[Stored entries]

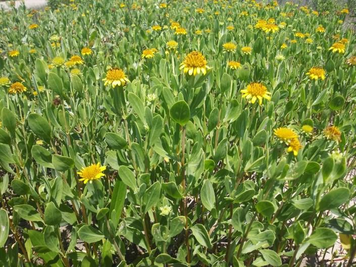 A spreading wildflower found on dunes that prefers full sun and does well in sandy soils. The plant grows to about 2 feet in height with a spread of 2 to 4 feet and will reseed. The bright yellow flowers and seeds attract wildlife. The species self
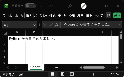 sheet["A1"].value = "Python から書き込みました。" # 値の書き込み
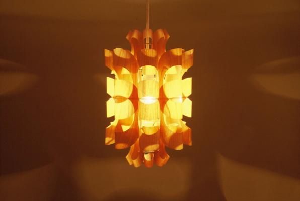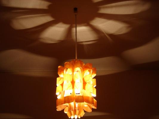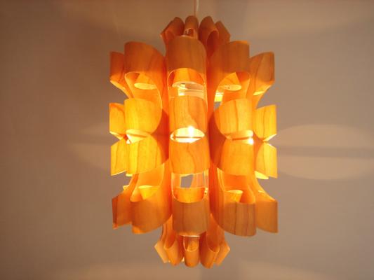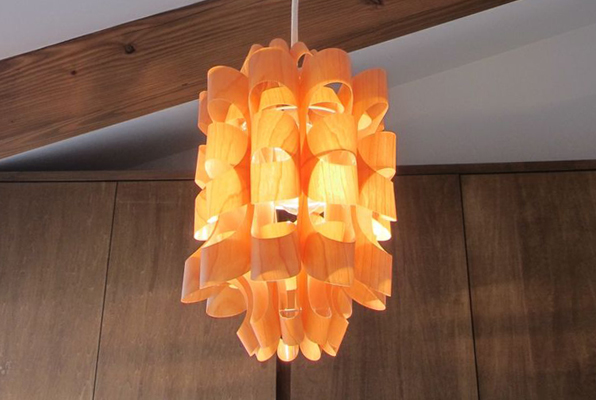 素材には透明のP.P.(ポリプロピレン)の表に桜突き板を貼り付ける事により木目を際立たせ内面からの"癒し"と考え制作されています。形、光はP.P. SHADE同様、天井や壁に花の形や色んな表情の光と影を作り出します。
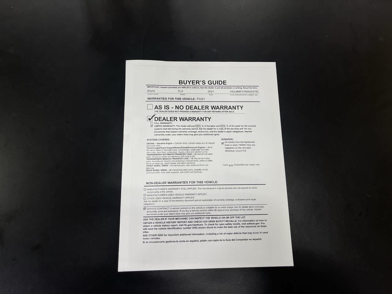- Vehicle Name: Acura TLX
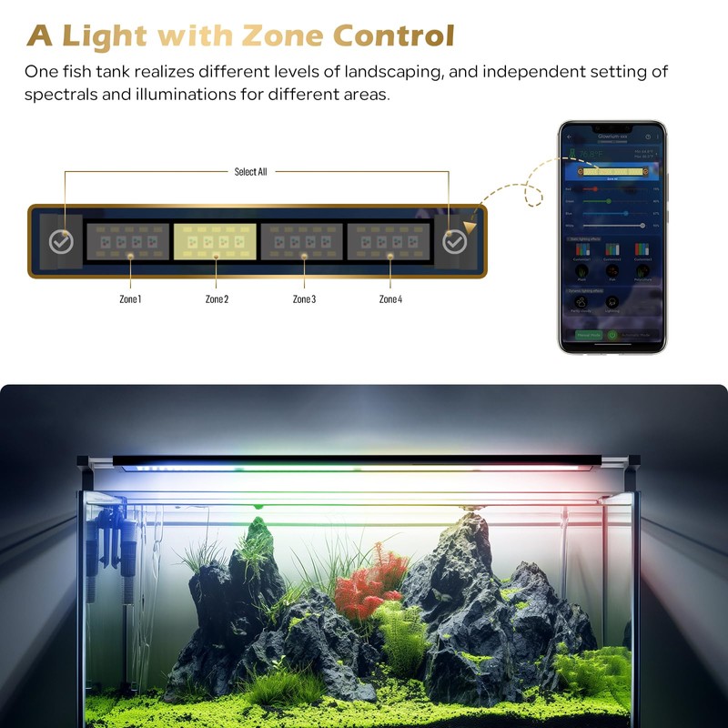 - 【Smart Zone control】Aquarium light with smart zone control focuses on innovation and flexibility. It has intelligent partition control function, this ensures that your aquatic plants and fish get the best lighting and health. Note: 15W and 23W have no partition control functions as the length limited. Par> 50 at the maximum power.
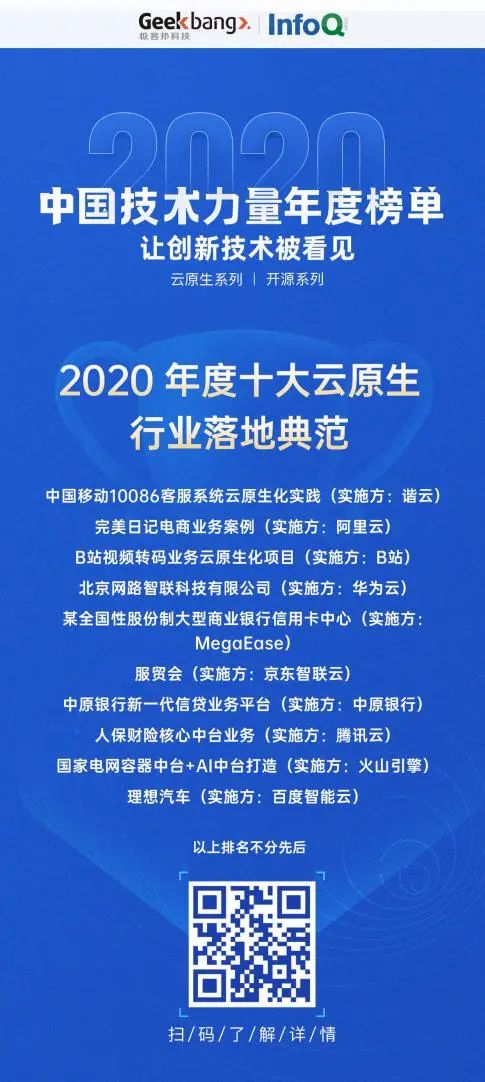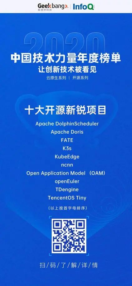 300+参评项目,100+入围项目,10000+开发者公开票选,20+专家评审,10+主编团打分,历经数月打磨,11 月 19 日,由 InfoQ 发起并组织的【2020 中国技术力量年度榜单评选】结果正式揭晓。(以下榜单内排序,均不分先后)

■ **What is expected**: Please output the records exactly, leaving the pictures out.

■ **Response area**:
 A spreading wildflower found on dunes that prefers full sun and does well in sandy soils. The plant grows to about 2 feet in height with a spread of 2 to 4 feet and will reseed. The bright yellow flowers and seeds attract wildlife. The species self
 sheet["A1"].value = "Python から書き込みました。" # 値の書き込み
 素材には透明のP.P.(ポリプロピレン)の表に桜突き板を貼り付ける事により木目を際立たせ内面からの"癒し"と考え制作されています。形、光はP.P. SHADE同様、天井や壁に花の形や色んな表情の光と影を作り出します。
- Vehicle Name: Acura TLX
 - 【Smart Zone control】Aquarium light with smart zone control focuses on innovation and flexibility. It has intelligent partition control function, this ensures that your aquatic plants and fish get the best lighting and health. Note: 15W and 23W have no partition control functions as the length limited. Par> 50 at the maximum power.
 300+参评项目,100+入围项目,10000+开发者公开票选,20+专家评审,10+主编团打分,历经数月打磨,11 月 19 日,由 InfoQ 发起并组织的【2020 中国技术力量年度榜单评选】结果正式揭晓。(以下榜单内排序,均不分先后)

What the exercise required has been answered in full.